_RECORDED DATA_
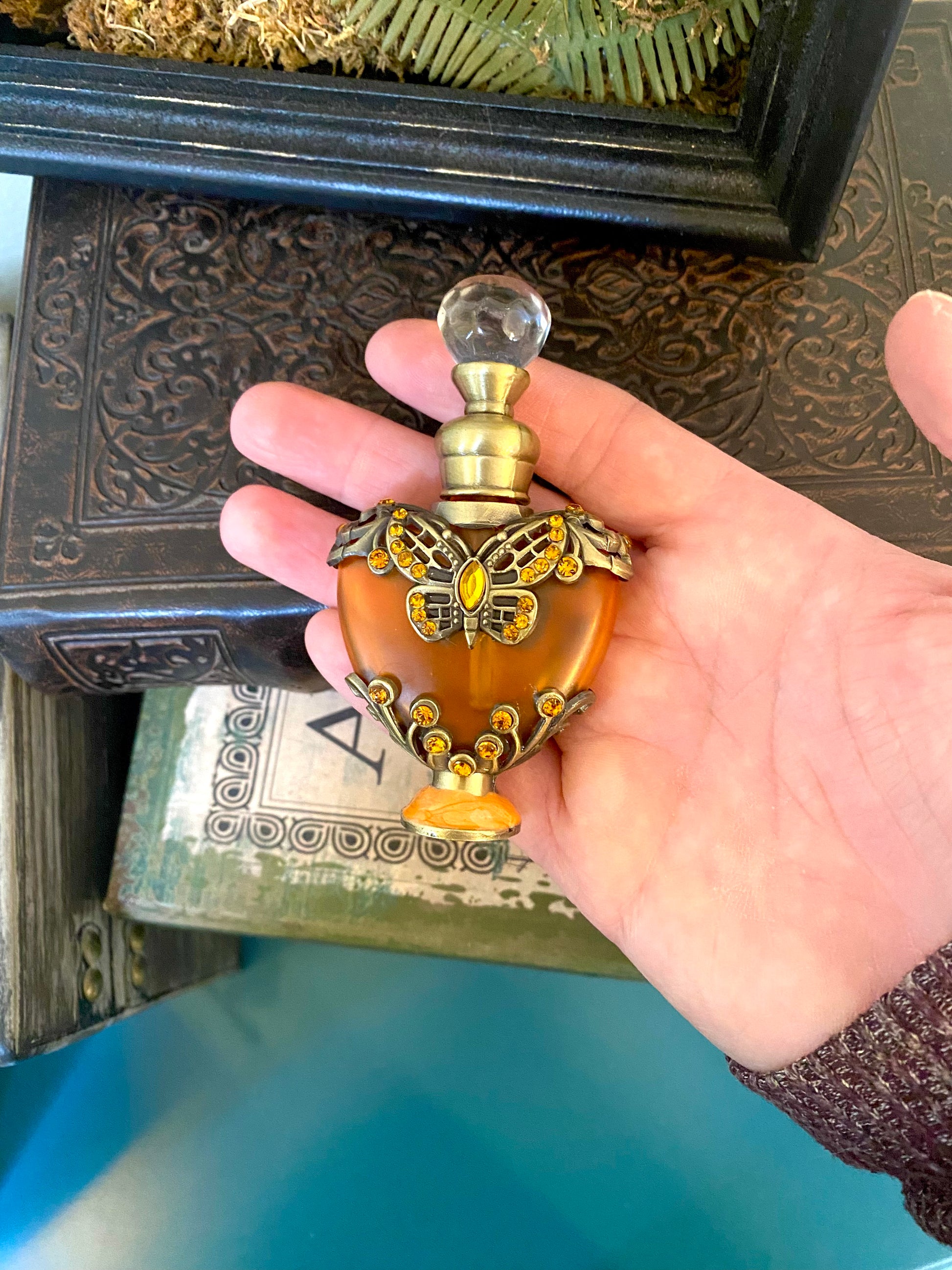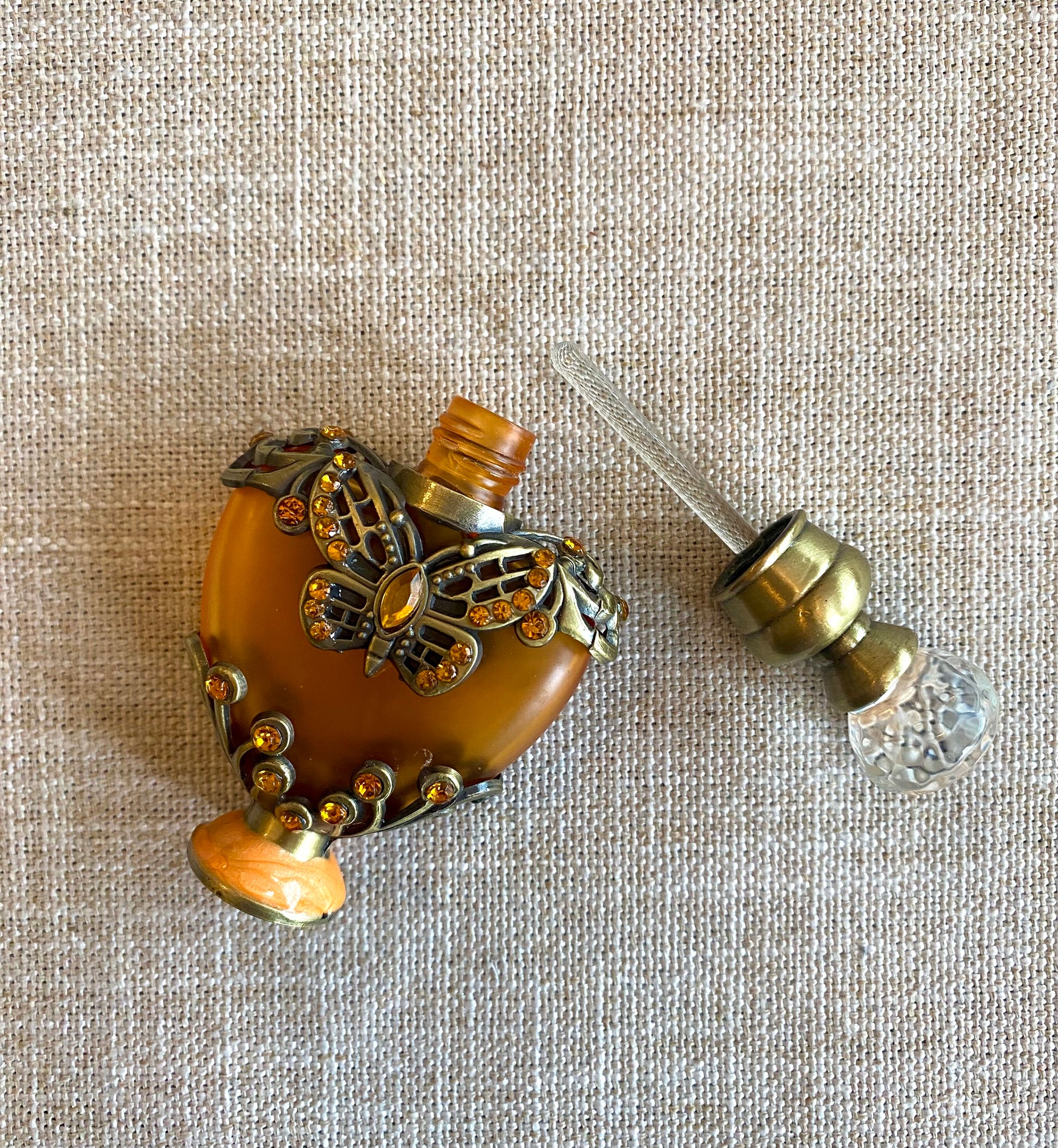 Pretty orange heart shaped perfume bottles adorned with a butterfly on the front and back. Made of metal and glass with orange rhinestones. 3.5" tall. Oil dropper application. Comes gift wrapped at no charge.
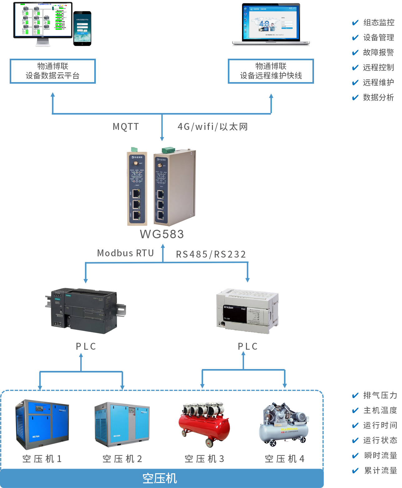 物通博聯(lián)推出的食品空壓機數(shù)據(jù)采集遠程監(jiān)控系統(tǒng)由工業(yè)智能網(wǎng)關(guān)WG583和物聯(lián)網(wǎng)平臺組成。工業(yè)智能網(wǎng)關(guān)WG583通過與空壓機PLC通信,實現(xiàn)實時數(shù)據(jù)采集和傳輸;云平臺與工業(yè)智能網(wǎng)關(guān)實時通信,實現(xiàn)主機溫度、排氣壓力、瞬時流量、累計流量等數(shù)據(jù)以及空壓機運行狀態(tài)、運行時間的可視化展示與組態(tài)監(jiān)控;移動端通過在云平臺查看調(diào)取數(shù)據(jù)并接收報警信息,就能及時采取措施管理控制與遠程維護,保證空壓機運行穩(wěn)定可靠,避免計劃外的停機損失。
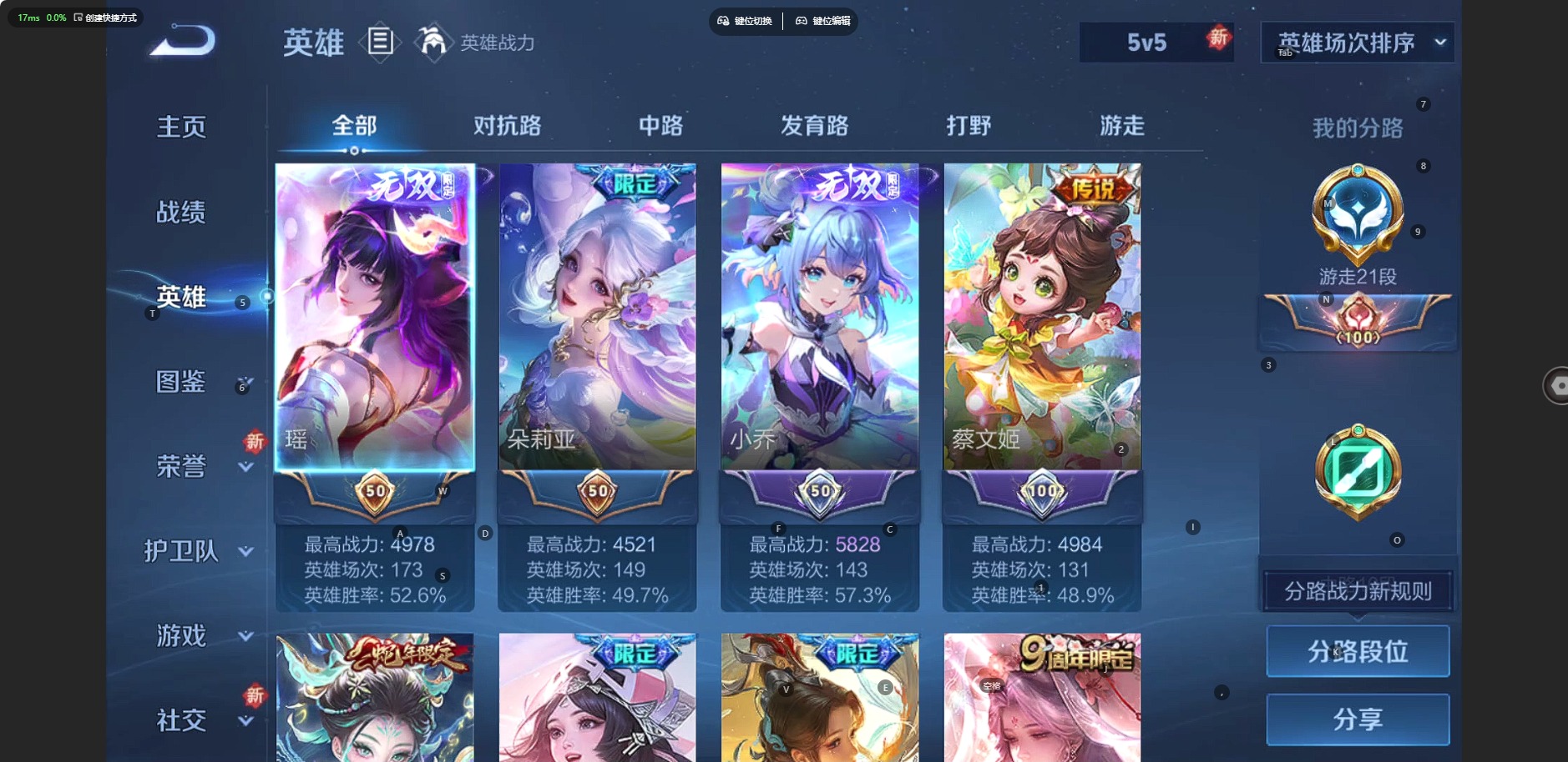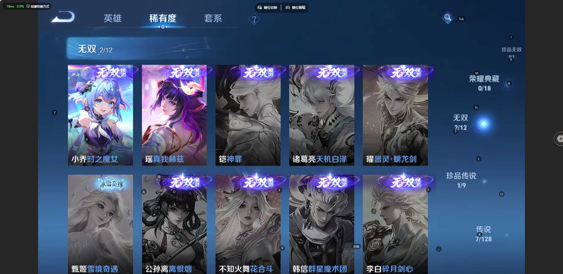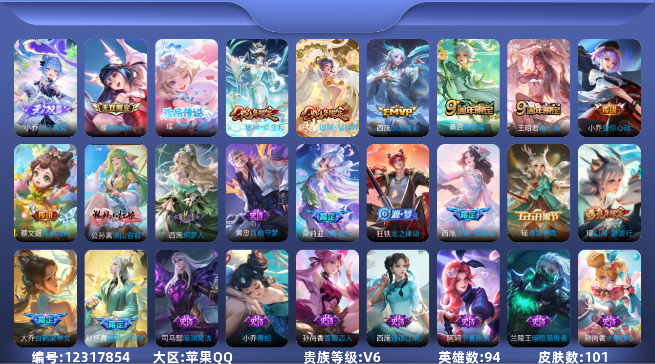 [12317854]V6 2无双 1珍品传说 7传说 94英雄 101皮肤 可修改实名 优质装备:真我赫兹(瑶)(瑶无双),小乔时之魔女(小乔无双),大耳狗之梦,音你心动-小乔,游龙清影(小青龙),花朝如约(花篮子),涂山容容 珍宝阁皮:蔷薇恋人 限定皮:愿照·福禄聚(蔡文姬年限),愿照·众生和(妲己年限),映山客,鸣野蒿,白鹤梁神女,山海·碧波行(瑶年限),至美·乘鲤谣 史诗皮:器灵·浮梦炉,龙之律动,幻珠鲛人,蒙犽顽岩魄,百相守梦-黄忠,织梦人,遇见神鹿,白蛇,青蛇,节奏热浪,水果甜心,暗隐猎兽者,鬼剑武藏,暗渊魔法,舞动绿茵,诗语江南,魅力维加斯,滕王阁序

_WHAT YOU WILL DO_
Starting at the first line of the listing above, write out each line exactly and nothing else until you reach the line containing "物通博聯(lián)推出的食", which is included as well; omit all pictures.

_RESULT OF THIS EXERCISE_
 Pretty orange heart shaped perfume bottles adorned with a butterfly on the front and back. Made of metal and glass with orange rhinestones. 3.5" tall. Oil dropper application. Comes gift wrapped at no charge.
 物通博聯(lián)推出的食品空壓機數(shù)據(jù)采集遠程監(jiān)控系統(tǒng)由工業(yè)智能網(wǎng)關(guān)WG583和物聯(lián)網(wǎng)平臺組成。工業(yè)智能網(wǎng)關(guān)WG583通過與空壓機PLC通信,實現(xiàn)實時數(shù)據(jù)采集和傳輸;云平臺與工業(yè)智能網(wǎng)關(guān)實時通信,實現(xiàn)主機溫度、排氣壓力、瞬時流量、累計流量等數(shù)據(jù)以及空壓機運行狀態(tài)、運行時間的可視化展示與組態(tài)監(jiān)控;移動端通過在云平臺查看調(diào)取數(shù)據(jù)并接收報警信息,就能及時采取措施管理控制與遠程維護,保證空壓機運行穩(wěn)定可靠,避免計劃外的停機損失。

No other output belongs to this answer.